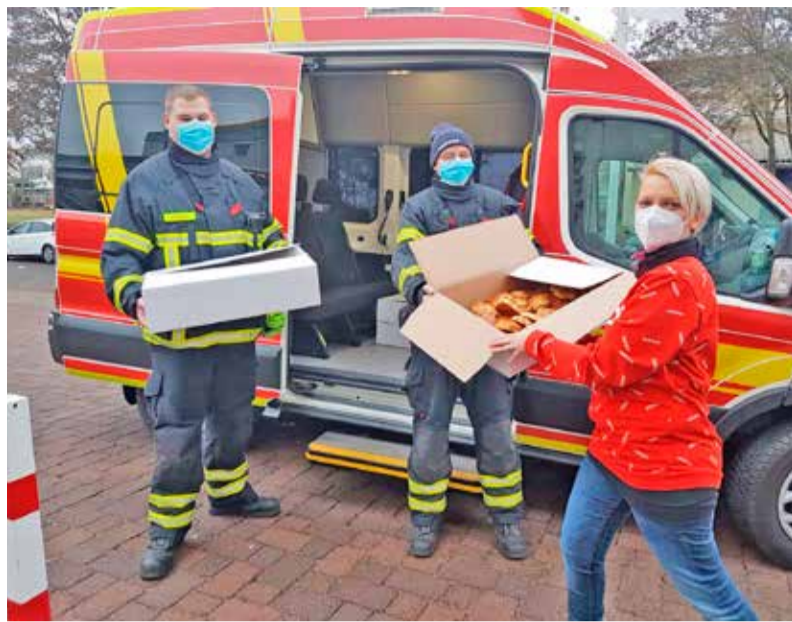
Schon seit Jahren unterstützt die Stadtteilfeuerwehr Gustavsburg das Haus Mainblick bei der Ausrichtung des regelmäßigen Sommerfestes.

---

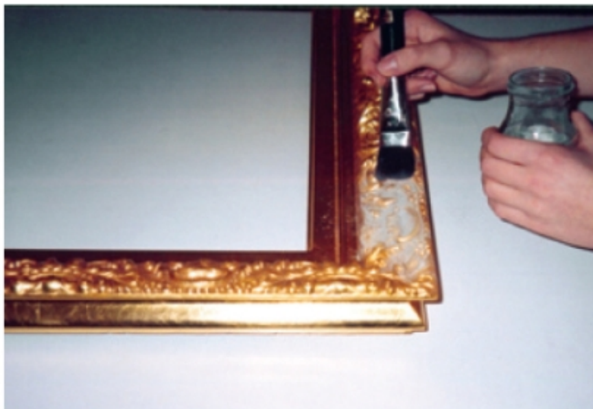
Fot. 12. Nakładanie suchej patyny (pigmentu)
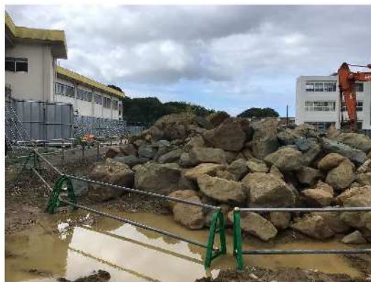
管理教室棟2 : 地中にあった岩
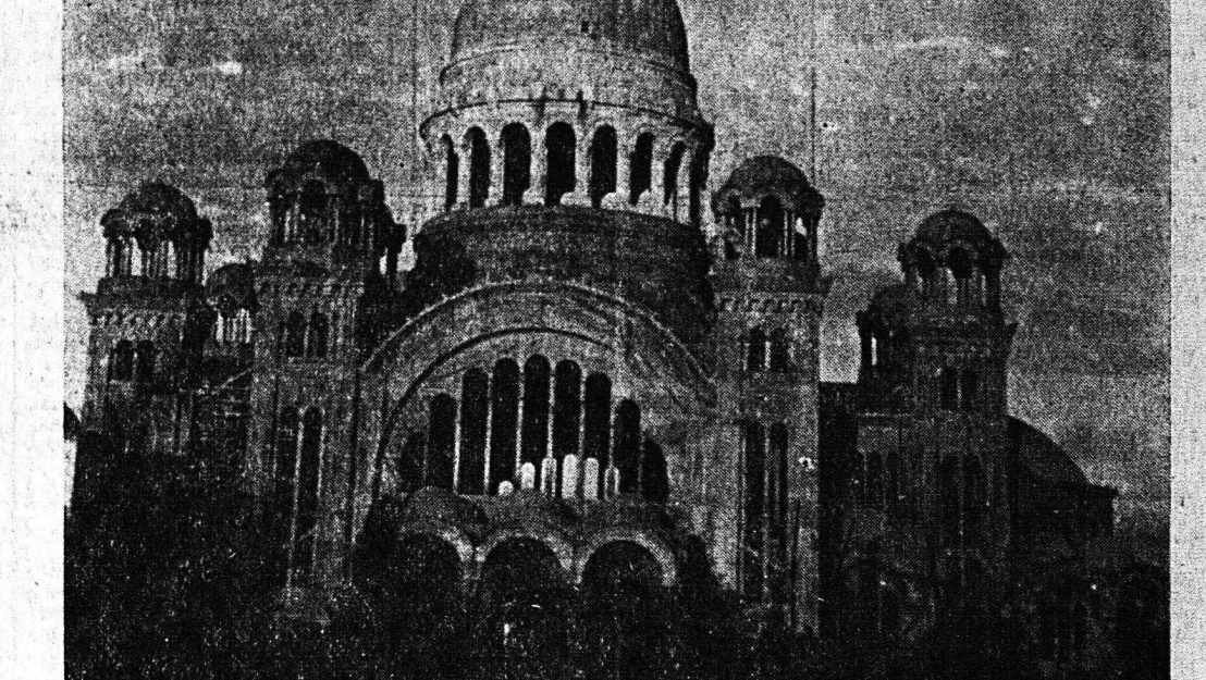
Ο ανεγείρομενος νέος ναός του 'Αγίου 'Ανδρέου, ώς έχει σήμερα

_Exercise brief_
Beginning with the line above that contains "管理教室棟2 : 地中にあった岩" and ending with the line that contains "Ο ανεγείρομενος νέος", quote each line exactly, keeping out the pictures.

_Task output_
管理教室棟2 : 地中にあった岩
Ο ανεγείρομενος νέος ναός του 'Αγίου 'Ανδρέου, ώς έχει σήμερα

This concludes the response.